#### TASK PROMPT:
Can you set down, exactly as they appear below, the lines from the opening of the material through the one bearing "2年英語 昼食前もよく取り組んでいます。2年生はどのクラスも「いつでも どこでも", minus the pictures?

#### SOURCE MATERIAL:
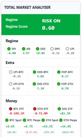 - Regime Scoring: Calculates “Regime Scores” to define the current trend environment.
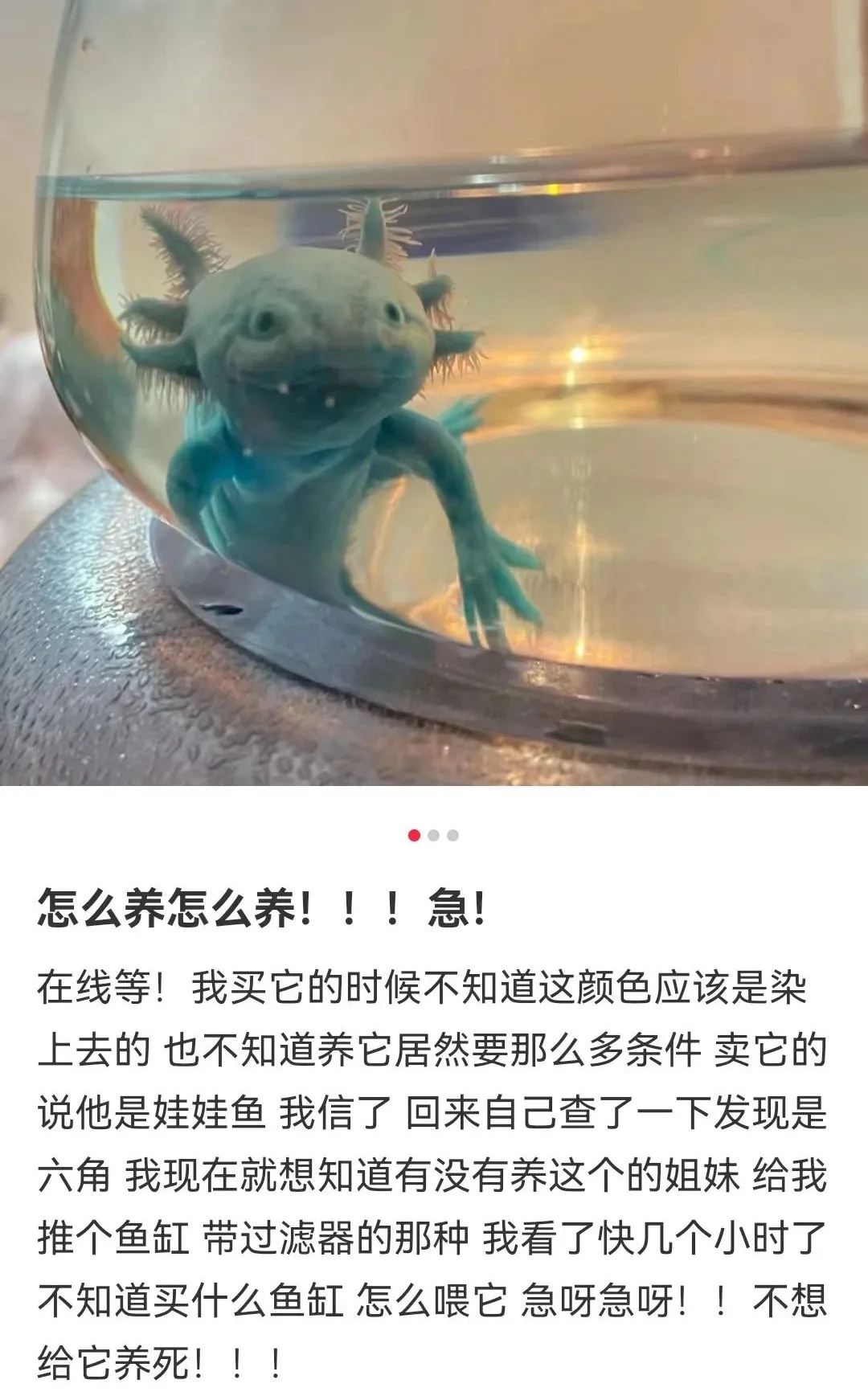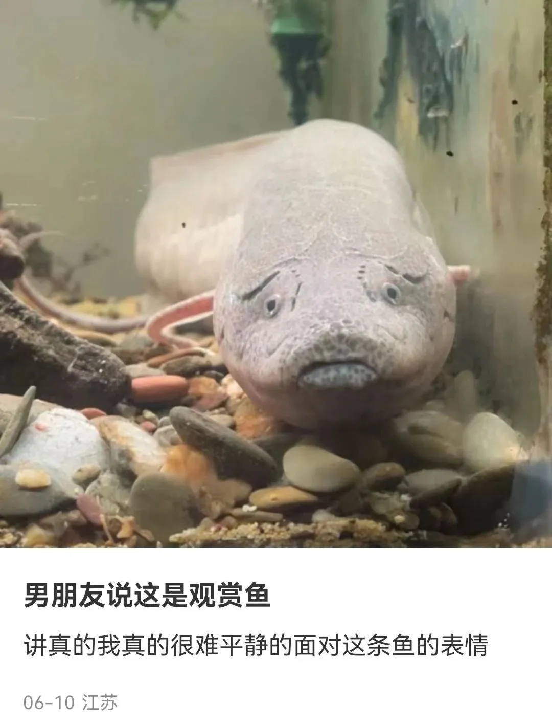 有人給自己的醜魚照了照鏡子,結果醜魚難過的快抑鬱了,哄了三天才開始吃東西。
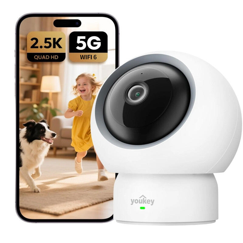 UNIVIEW Youkey P310 Caméra de surveillance intérieure PTZ 2,5K, détection 360° des personnes, des animaux et des pleurs de bébé, Wi‑Fi 6 (2,4/5 GHz), suivi automatique, audio bidirectionnel avec appairage Bluetooth, aucune consigne mensuelle
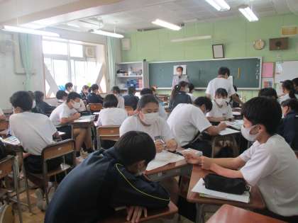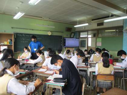 2年英語 昼食前もよく取り組んでいます。2年生はどのクラスも「いつでも どこでも だれとでも」関わるために大切な要素の一つ、愛嬌があるので感心します。
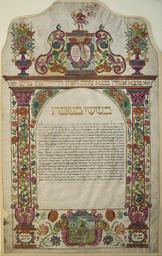 Keywords: Ketubah, Verona, Italy, 1678 - Google Art Project.jpg 7016003 Unknown /collection/the-jewish-museum-london/artwork/ketubah-verona-italy-1678-unknown/6948936/ 8609 author /collection/the-jewish-museum-london/ The Jewish Museum London 437133 http //www jewishmuseum org uk/ 3/13/2012 1 50 14 PM /collection/the-jewish-museum-london/artwork/ketubah-verona-italy-1678-unknown/6948936/ 1678 1678 865 6948936 False 1678 3/25/2012 3 51 08 PM JM 467 http //www jewishmuseum org uk/search-our-collections-new adlibid 8609 offset 0 http //www jewishmuseum org uk/collections-and-picture-library-new Digital image Jewish Museum London ketubah 1670 1680 Verona production w550 x h865 mm 1678 False 0 6328125 text ketubah-verona-italy-1678-unknown Ketubah Verona Italy 1678 k 550 Gift of Ben Uri Gallery JM 467 special url_id 8AG5qPks3J4MLw PD-old-100 Jewish Museum London Google Art Project works by unknown artist |
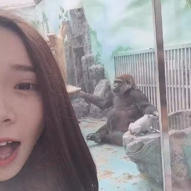 妹子在動物園跟猩猩拍照,回家看照片才發現不對勁!
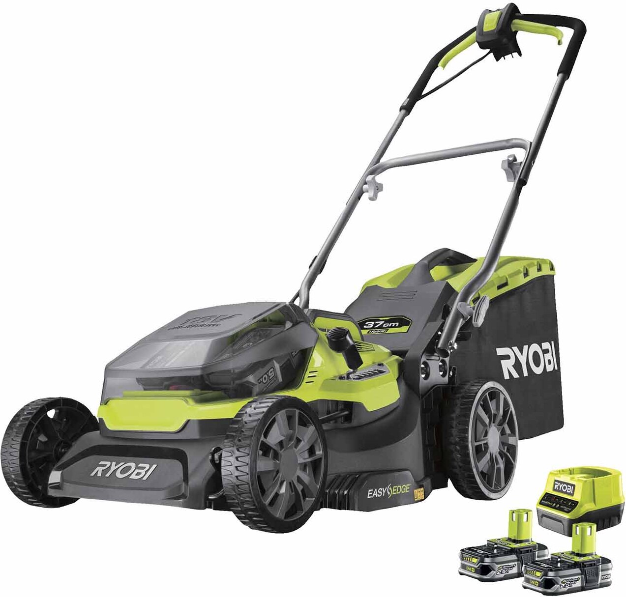 RYOBI Tondeuse à gazon hybride RY18LMH37A-225 18V 2,5Ah, Tondeuse à gazon sans fil, Mulching sans fil, largeur de coupe 37 cm
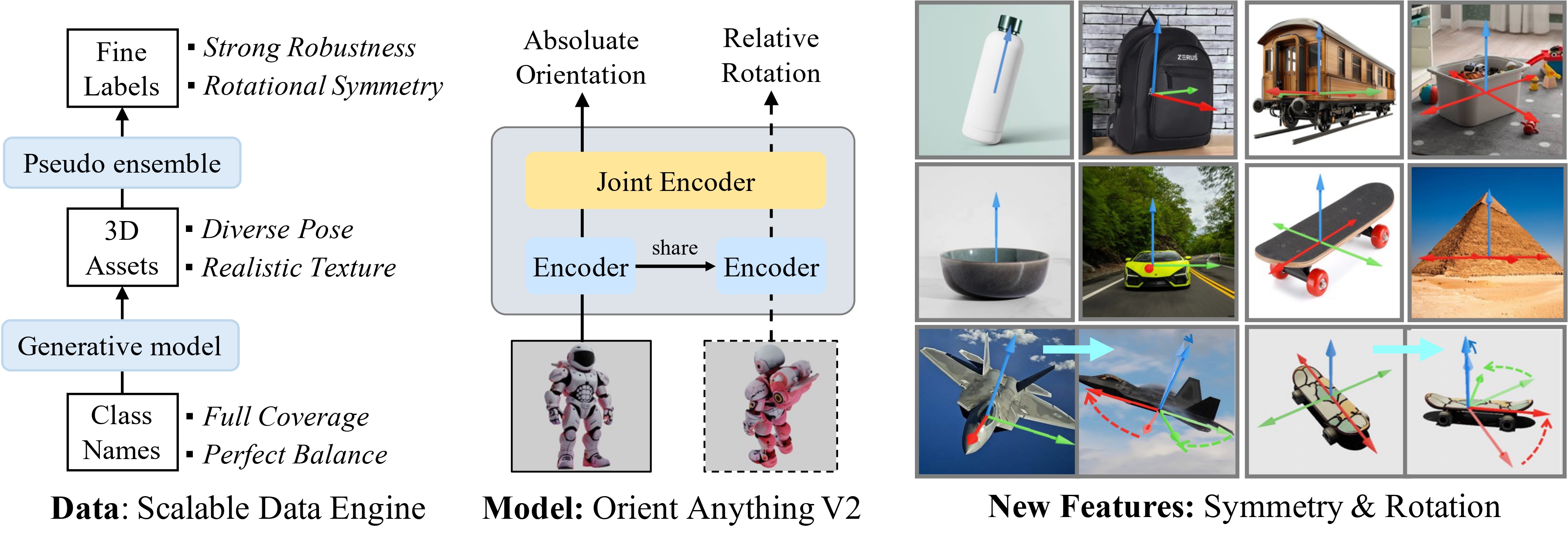 Orient Anything V2, a unified spatial vision model for understanding orientation, symmetry, and relative rotation, achieves SOTA performance across 14 datasets. For visualization, the object orientation is represented by the red axis, while the blue and green axes indicate the upward and left sides of the object.
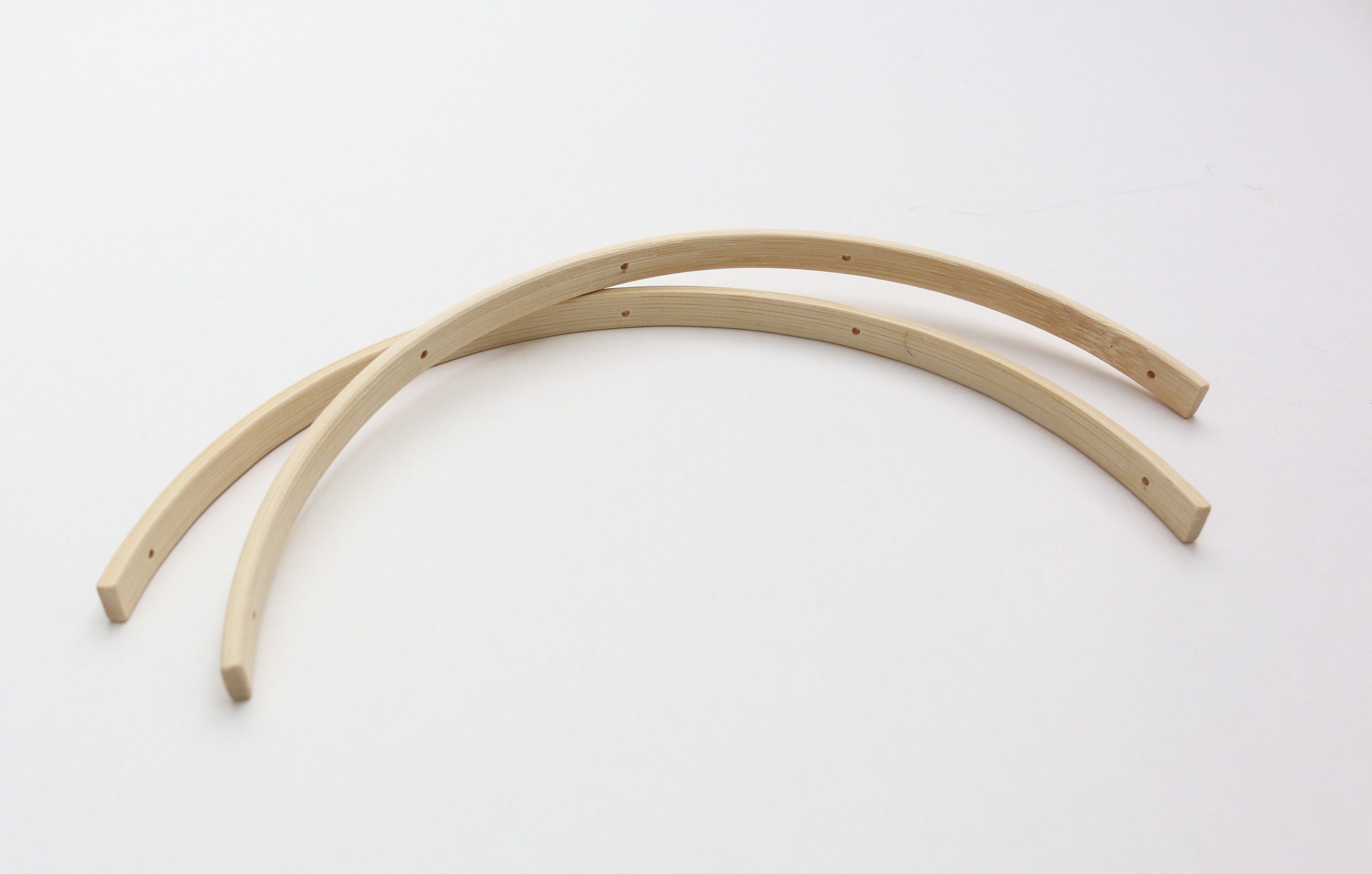 Diese süßen Holzbögen sind perfekt für selbstgemachte Baby-Mobiles! Im Set sind 2 Bögen in naturbelassenem Holz, each ca. 30cm groß. Die natürliche Farbe passt zu jedem Kinderzimmer-Stil. Besonders praktisch: Jeder Bogen hat 5 vorgebohrte Löcher, durch die du einfach Fäden oder Bänder ziehen kannst um Spielzeuge, Figuren oder Glöckchen aufzuhängen. So bastelst du im Handumdrehen ein persönliches Mobile für dein Baby. Ohne scharfe Kanten und aus nachhaltigem Holz - sicher und umweltfreundlich. Ob über dem Wickeltisch, dem Bettchen oder dem Spielbereich - dein Baby wird fasziniert sein von der Bewegung und den Formen!
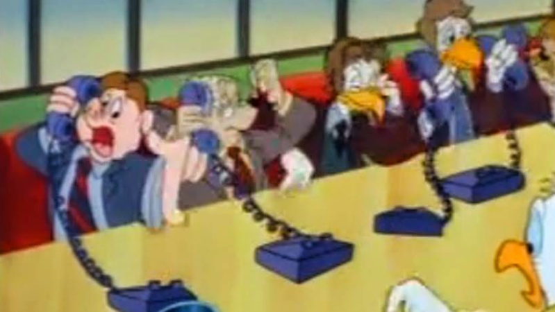 At the mansion, the kids start taking calls on Scrooge’s business line. First as a mistake, but then they see an opportunity in running Scrooge’s many businesses. The kids meet with the businessmen to learn that their on-the-fly financial decisions are turning huge profits. This includes fulfilling their wish of having tons of new flavors at the malt shop. As the kids get more and more successful, they also get more and more ruthless, thrilling at rejecting others’ business proposals. Ma and the Beagle Boys try breaking into the money bin, only to be thwarted by the boys’ new defenses.
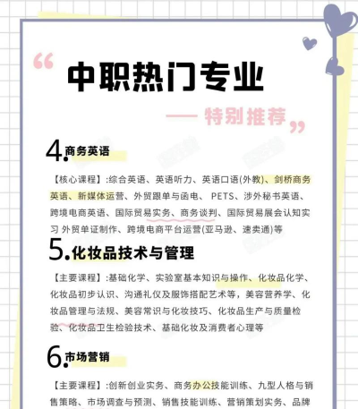 同学们,在最后的这个阶段里,尽早清楚自己的情况,也好及时选择学校,这样既能抓住最佳时机报读职高,又能选到自己喜欢的专业。通常报读职高7月之前都不算晚,所以,大家在筛选学校的时候一定不要急躁,一条一条地去分析,这样才不会后悔。
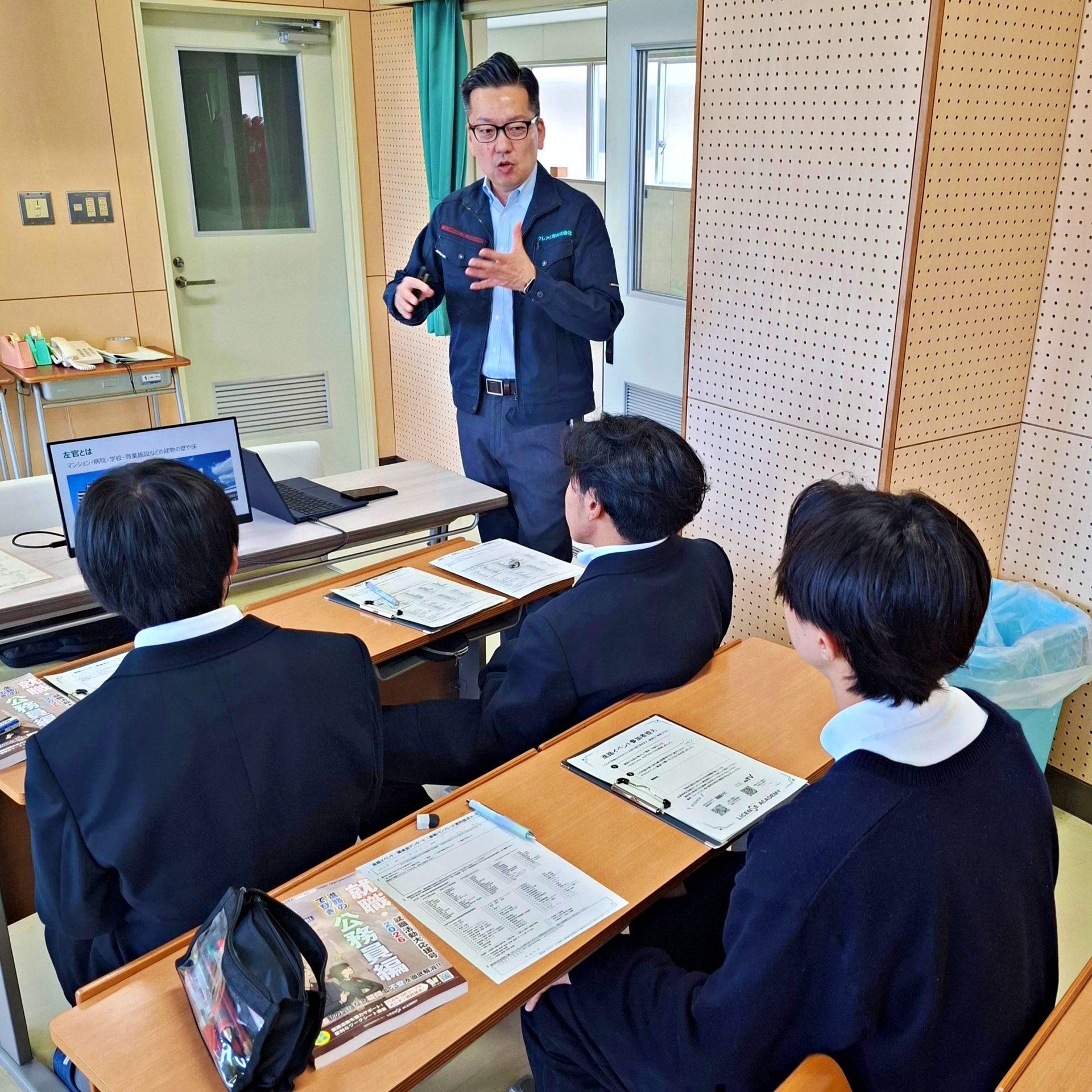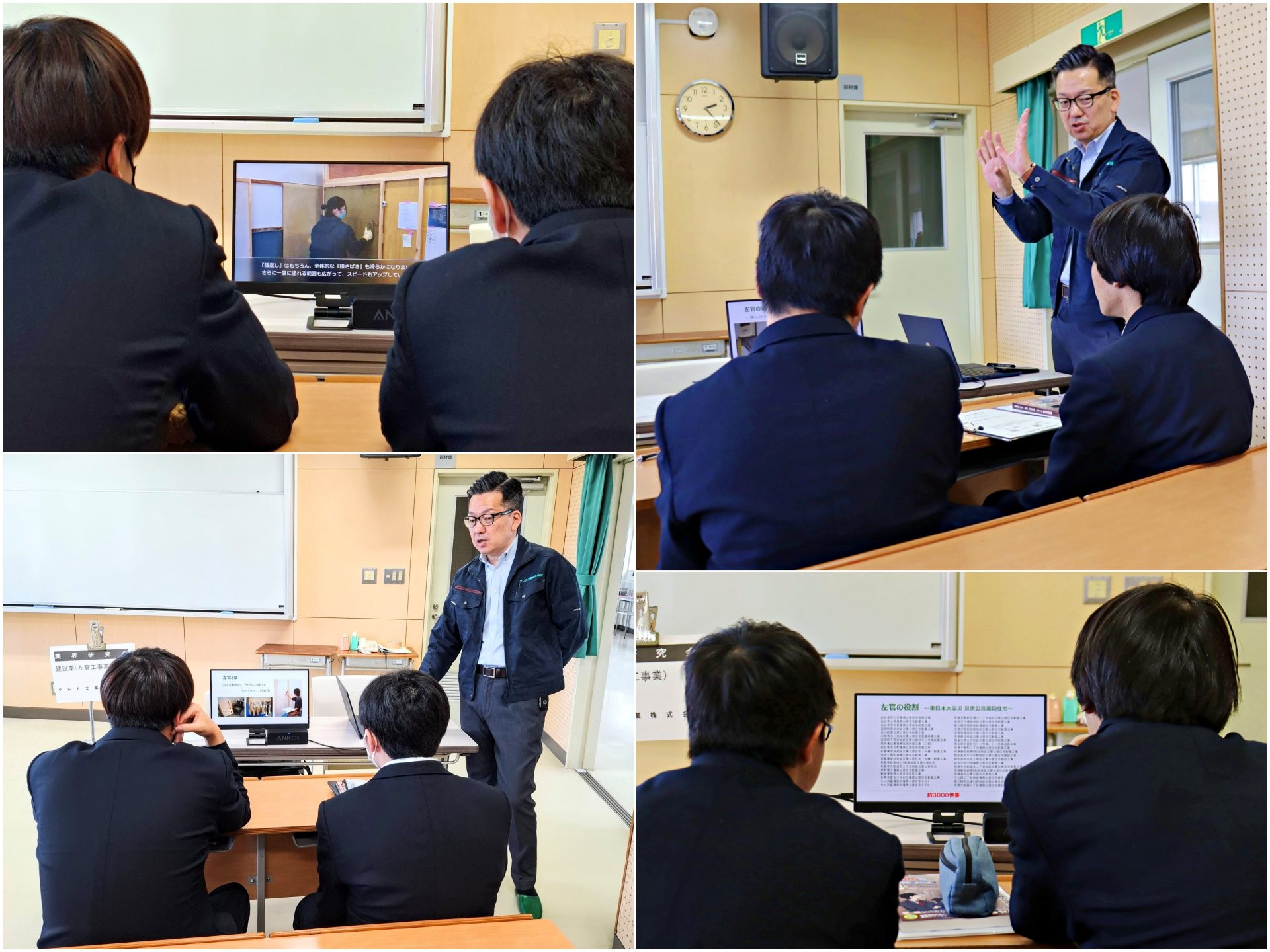 さらに、学校のある石巻市内に建てられているいくつもの復興公営住宅の左官工事にも、クレア工業の左官職人たちが携わっていることを知ると、身を乗り出して説明中の画面に食い入る生徒も。左官業が、当社のキャッチコピー『街を創り、暮らしをまもる』を“地で行く仕事”であることを理解してくれたようでした。
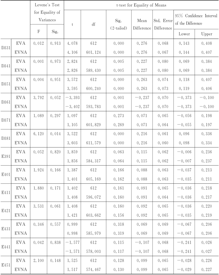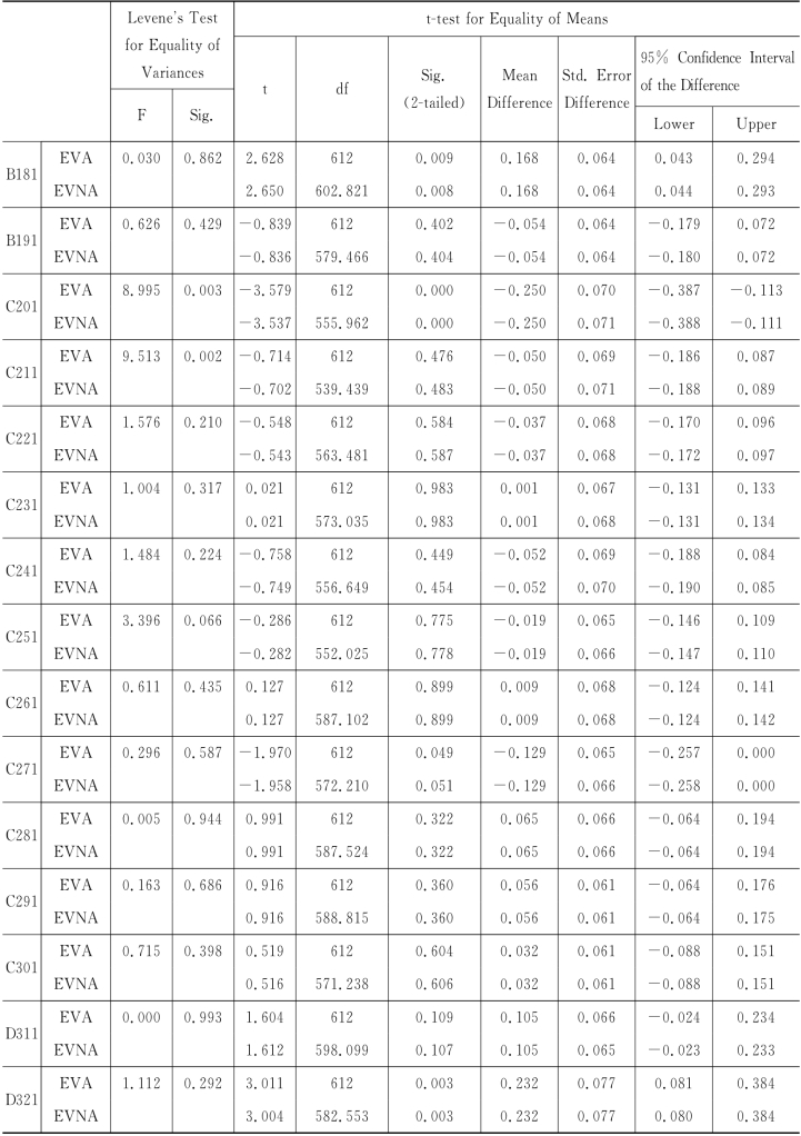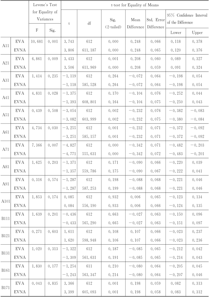 EVA:Equal variances assumed;EVNA:Equal variances not assumed.
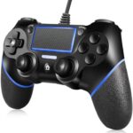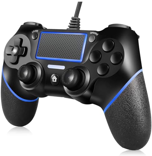 PS4用有線コントローラー。デュアル振動機能搭載で臨場感抜群。PS4/PS4 Slim/PS4 ProおよびPC対応。スタイリッシュなブラックブルーラインデザイン。

#### TASK OUTPUT:
 - Regime Scoring: Calculates “Regime Scores” to define the current trend environment.
 有人給自己的醜魚照了照鏡子,結果醜魚難過的快抑鬱了,哄了三天才開始吃東西。
 UNIVIEW Youkey P310 Caméra de surveillance intérieure PTZ 2,5K, détection 360° des personnes, des animaux et des pleurs de bébé, Wi‑Fi 6 (2,4/5 GHz), suivi automatique, audio bidirectionnel avec appairage Bluetooth, aucune consigne mensuelle
 2年英語 昼食前もよく取り組んでいます。2年生はどのクラスも「いつでも どこでも だれとでも」関わるために大切な要素の一つ、愛嬌があるので感心します。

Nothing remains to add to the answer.